Last month, my wife and I were traveling in Tuscany. One night after dinner, in a small town called Certaldo, Patrizia (my wife) said she wanted to go back to the hotel. I walked her there, but then decided to go out for a stroll by myself. There were a lot of people sitting outside, at the main square. As I passed by a table, I heard something that made me stop cold. It lasted just a moment, no more than a few seconds, but it was unmistakable. Someone was whistling a ballad from the Brigade days. Impossible, I thought. I felt like someone was walking over my grave. I looked at the man and he immediately stopped whistling. He was more or less my age, wearing a long-sleeved shirt. He was alone. We recognized each other at once. I mean, he knew exactly what had made me stop and stare. It wasn’t the first time that I’d stumbled across an old comrade. I’m sure you’ve had the same experience, at some point. The guy probably hadn’t even realized what he’d been whistling. Reaching out my hand, I introduced myself and told him the name of my unit: Abraham Lewis, Lincoln Brigade. Without standing up, which surprised me a bit, he told me his name: Umberto Pietri.

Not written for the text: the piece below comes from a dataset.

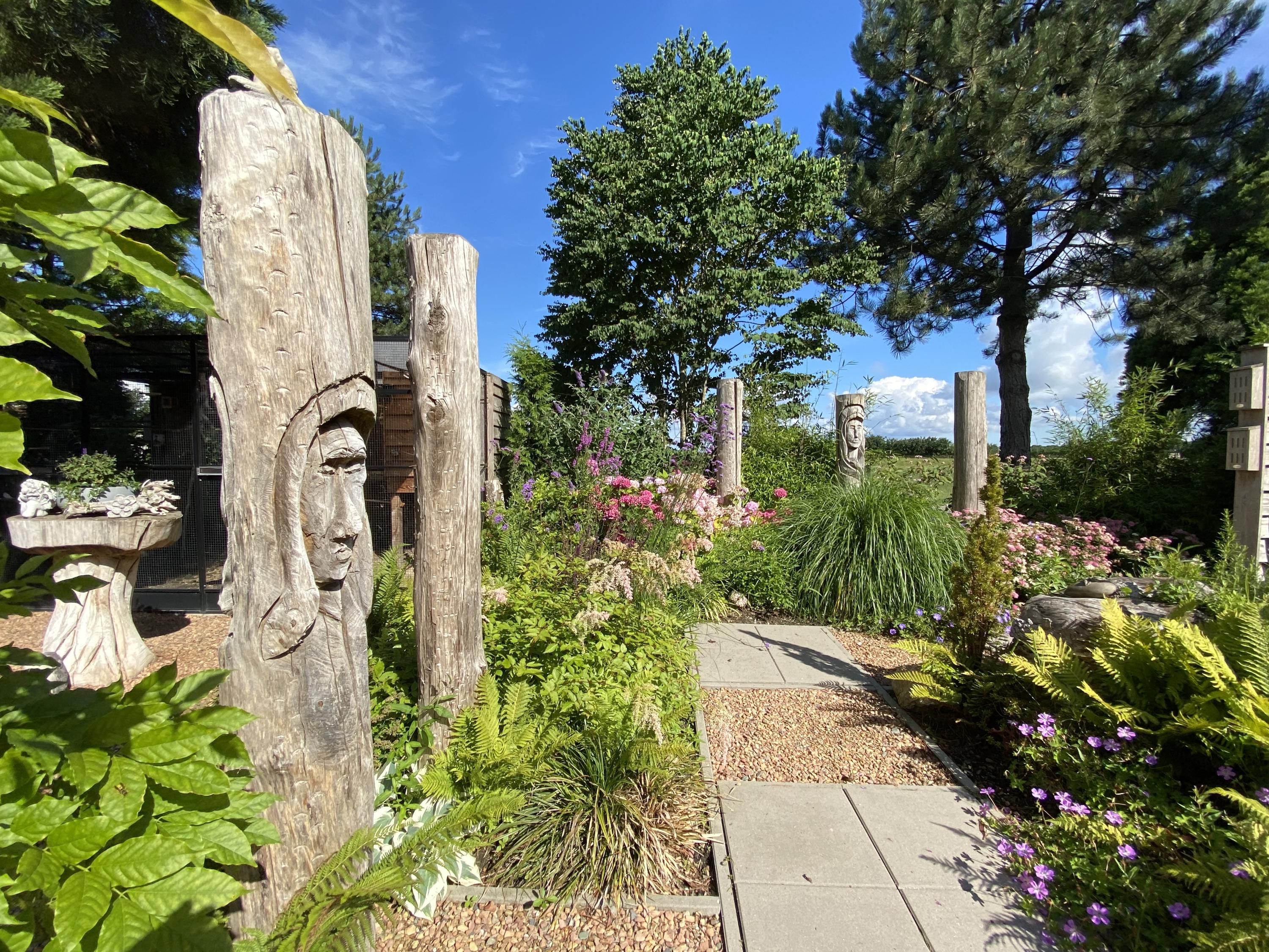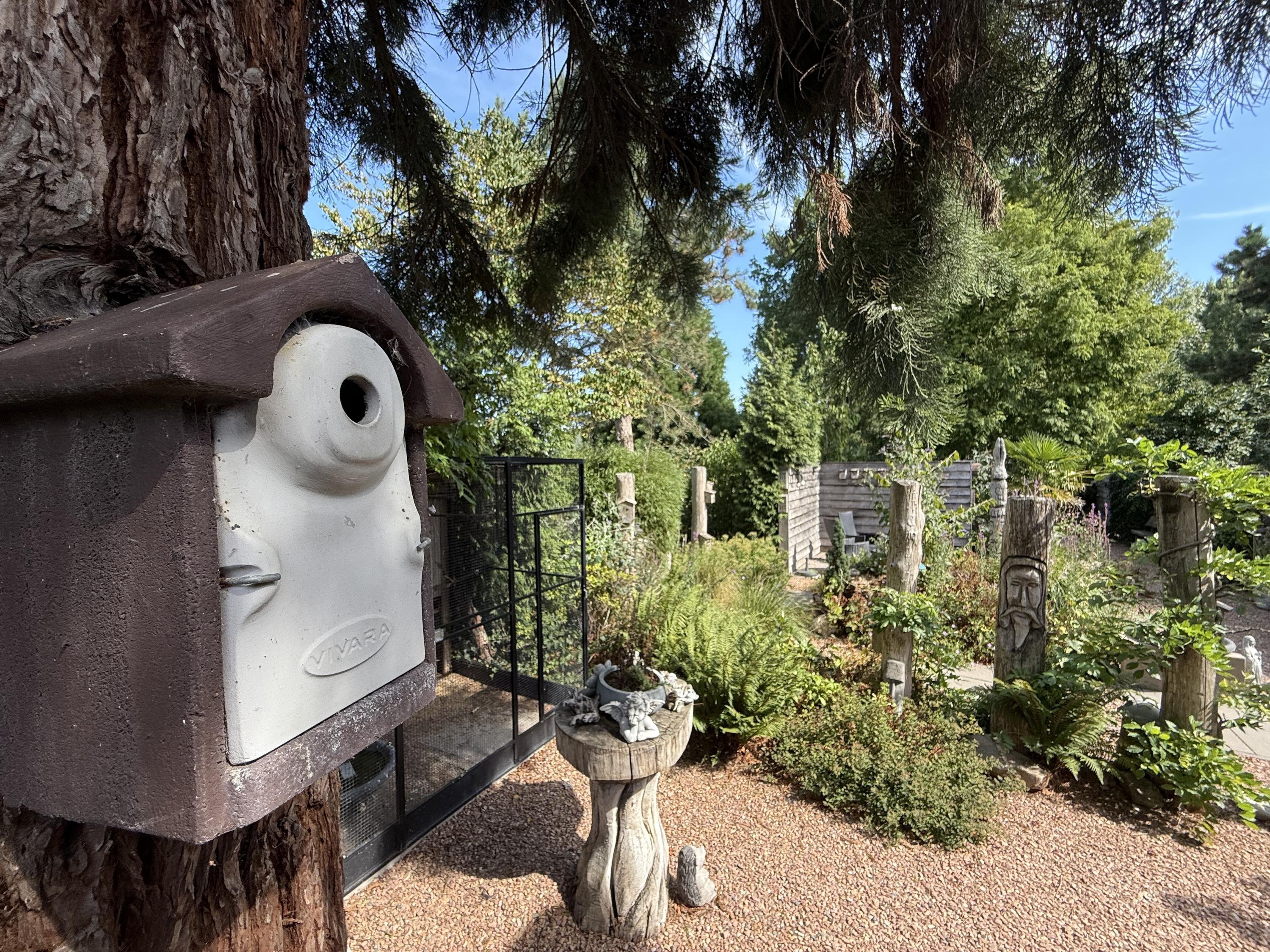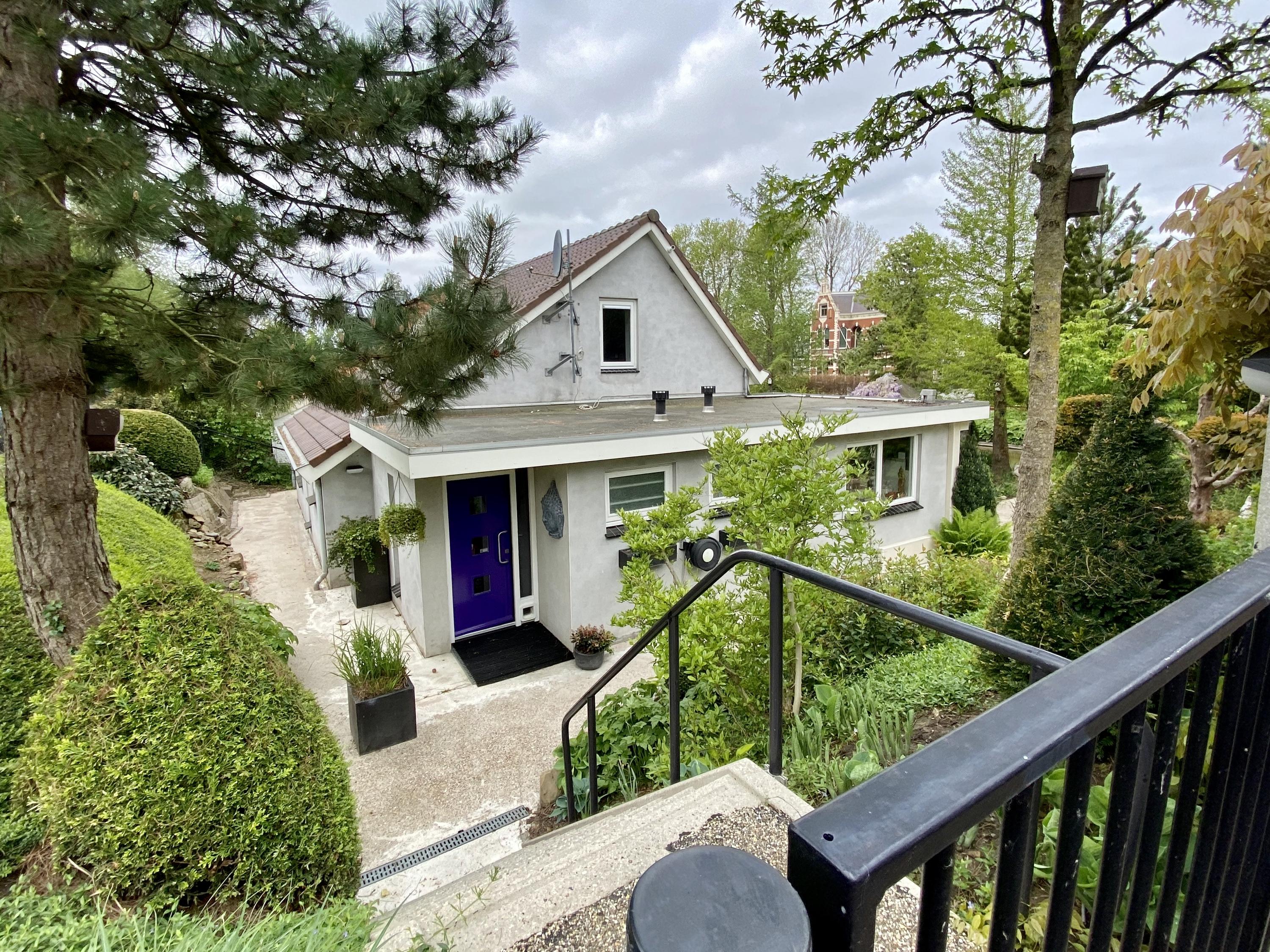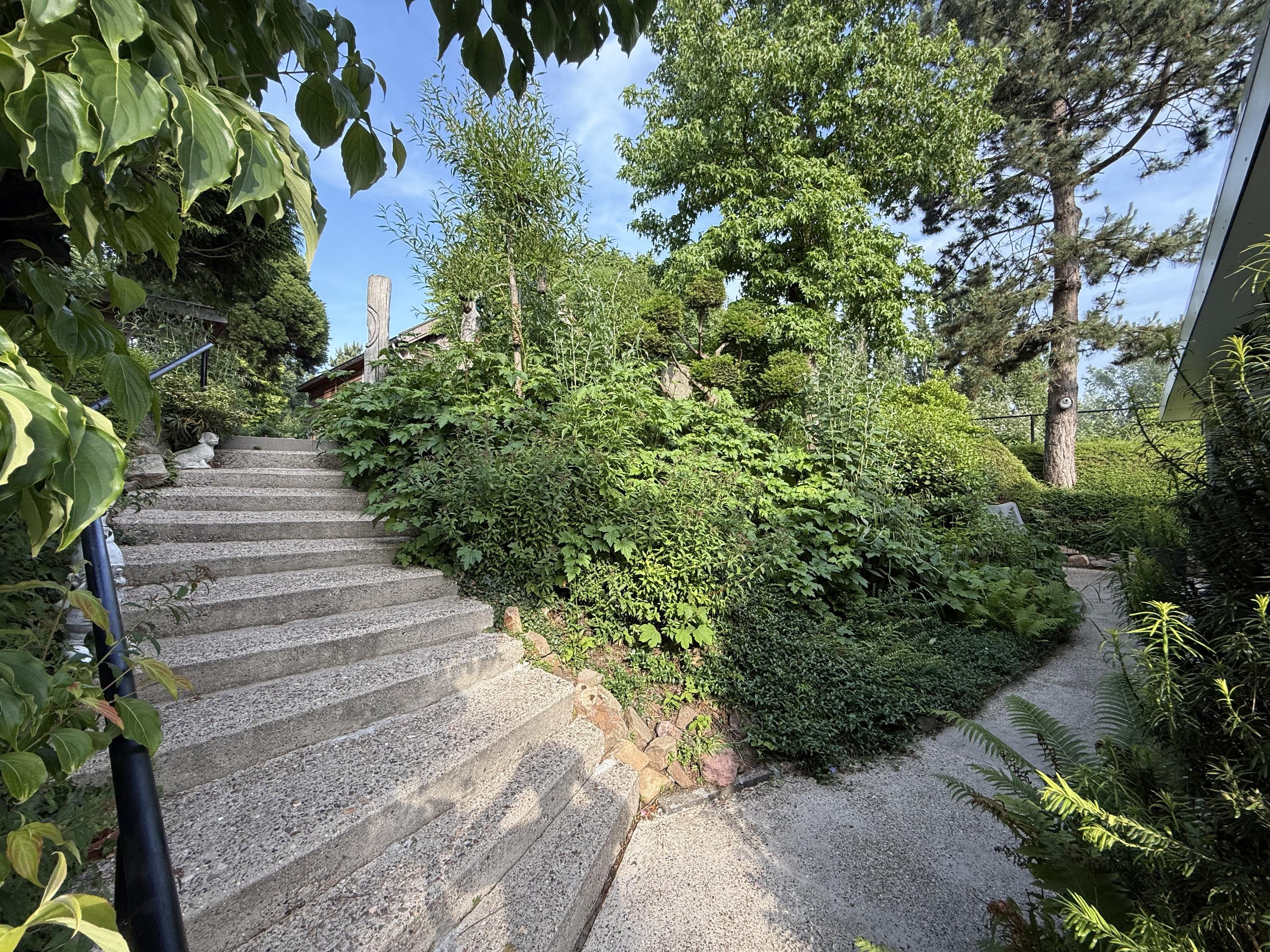 Stijlvol aangelegde en inspiratievolle tuin rondom met Greenlabel A certificering, opgetrokken / ingericht in Japanse stijl vv. veel groen en diverse terrassen, beton gegoten paden (vv. staalnetten), borders, grindpaden, niveauverschil, waterschalen, houten veranda, vogelverblijf;

So now you know why I’m writing you.
He didn’t mention the name of his unit, which would have been the normal thing to do, so I was forced to ask him. But even then he hesitated. Finally, out it came: the “Squadron of Death,” also known as the Malatesta Battalion; he kept his eyes on me, waiting for a reaction. Realizing I wasn’t going to say anything, he made clear that, strictly speaking, it couldn’t really be considered one of the International Brigades.
I don’t know what you know about Pietri’s unit. Maybe you don’t want to know. But I did a little research after that encounter. It was a very dark business. The Squadron of Death was the brainchild of Diego Abad de Santillán, the anarchist union leader, who proposed to the Generalitat the founding of a unit made up of Italian anarchists. I’ve seen photographs. Apparently, their uniforms were very flashy and when they marched through the streets of Barcelona it looked more like a circus than a military parade. They were quite ostentatious and became famous before going into combat. The funny bit is that after such macho displays they were crushed by the Falangists in their first battle. I apologize for going into excessive detail, but I think it’s pretty likely you haven’t kept up with things—and you need to know the details if you want to understand what happened.
As for himself, to make a long story short, Pietri explained to me that he was from Certaldo, and that after returning home from his time in the Brigades, he never left his village again—except during World War II, at which time, he said, without going into too much detail, he was in hiding. His voice was tense. It was clear he was in a hurry to tell me something in particular. He pulled out his wallet, opened it, took out a photograph, and set it on top of the table. When he did this, he winced as if in great pain. His eyes closed and his head fell forward. I stood up, worried that he was going to faint. But he immediately reopened his eyes and kept them on me, although he himself didn’t seem quite there. He made a gesture with his hand as if to assure me that he would recover momentarily; when he did, he explained to me that he was very ill, but he didn’t seem to think this worth dwelling on. As if what was happening to him was unimportant, he insisted I have a good look at the photograph, and so I did.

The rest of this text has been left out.